Assignment: Pictures are to be excluded. Please print only the lines from the one containing "100% Silk Lampas" through the end of the data, exactly as they appear.

Dataset content:
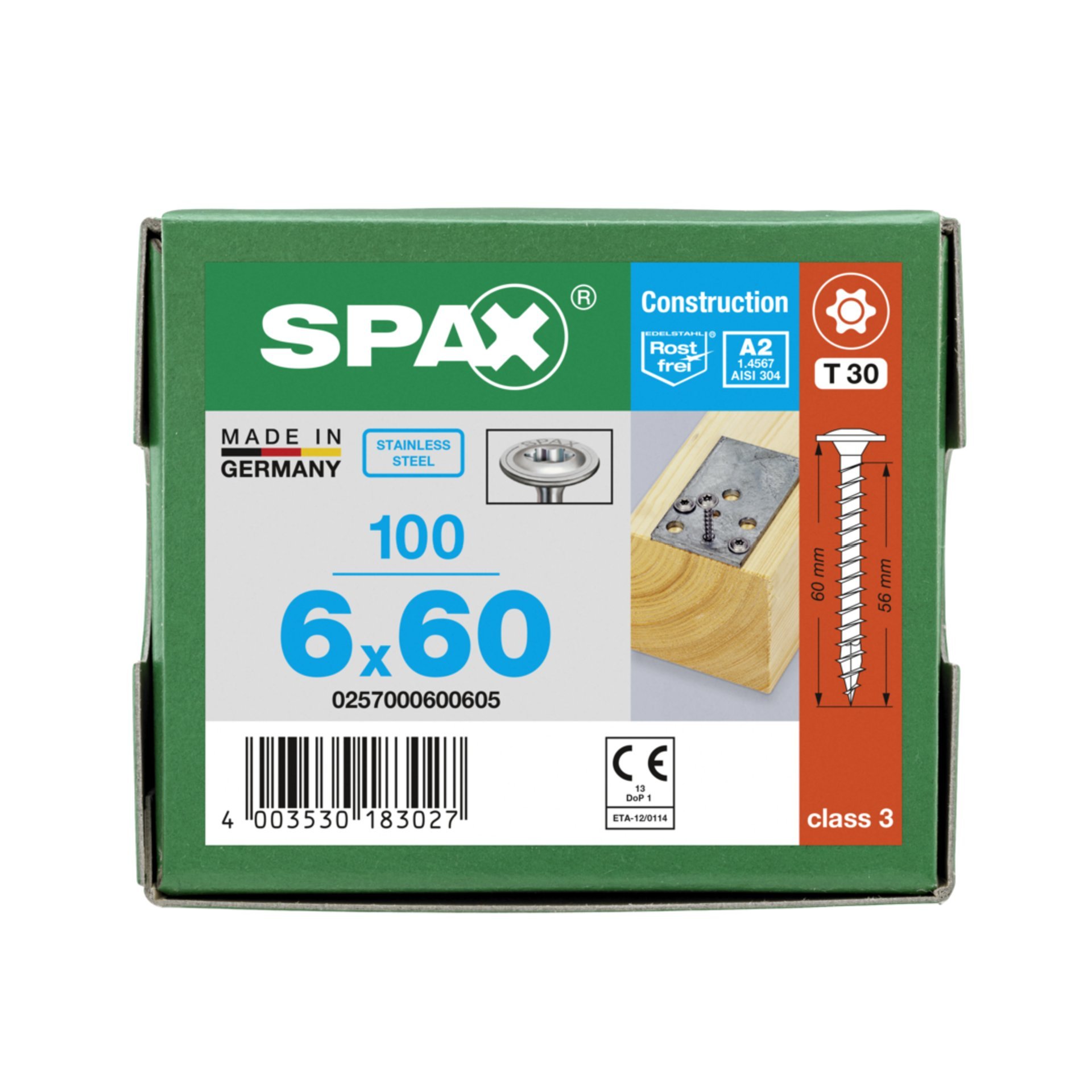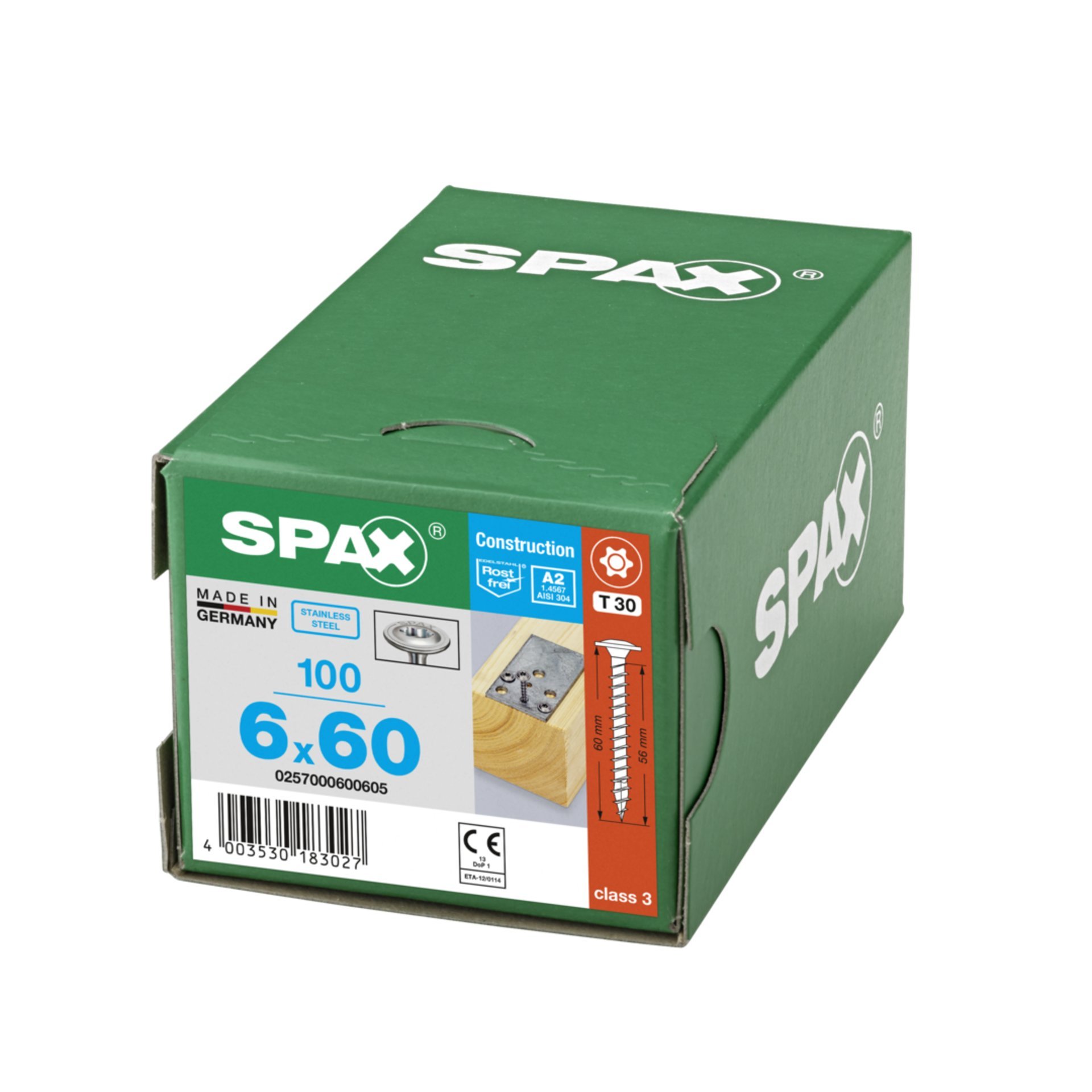 SPAX HI.FORCE, 6 x 60 mm, 100 Stück, Vollgewinde, Tellerkopf, T-STAR plus T30, 4CUT, Edelstahl rostfrei A2
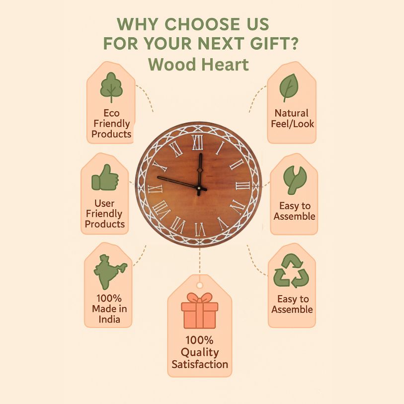 Bring timeless elegance to your home with the Classic Roman Numeral Wall Clock from Wood Heart. Made from premium MDF wood and styled with intricate border detailing and Roman numerals, this clock blends classic charm with modern craftsmanship. The minimalist round design complements both traditional and contemporary interiors, making it perfect for your home, office, or gifting needs.
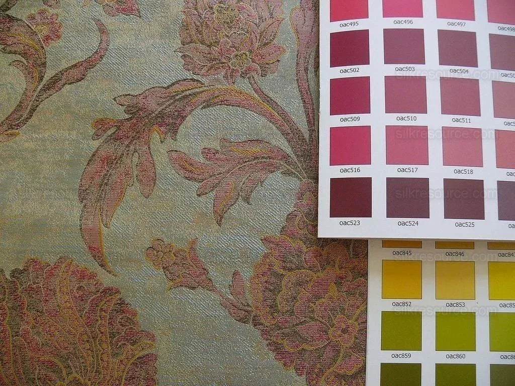 100% Silk Lampas Large Peony Paisley "etruscan" Blue
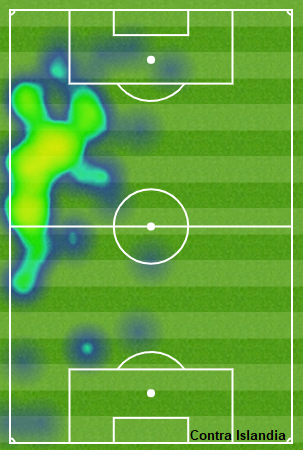 Su lectura fue especialmente importante frente a Islandia, partido en el que se vio una falta de apoyos internos y Tagliafico supo cerrarse con criterio. Ante un bloque defensivo retrasado, mostró inteligencia para moverse y generar una línea de pase para otro -lo que se ve en el compacto de abajo. Pero también tuvo otras buenas carreras que quedaron en nada porque no consiguió recibir la pelota: unas veces fue por no ser visto y otras, por imprecisiones.

Reply to the exercise:
 100% Silk Lampas Large Peony Paisley "etruscan" Blue
 Su lectura fue especialmente importante frente a Islandia, partido en el que se vio una falta de apoyos internos y Tagliafico supo cerrarse con criterio. Ante un bloque defensivo retrasado, mostró inteligencia para moverse y generar una línea de pase para otro -lo que se ve en el compacto de abajo. Pero también tuvo otras buenas carreras que quedaron en nada porque no consiguió recibir la pelota: unas veces fue por no ser visto y otras, por imprecisiones.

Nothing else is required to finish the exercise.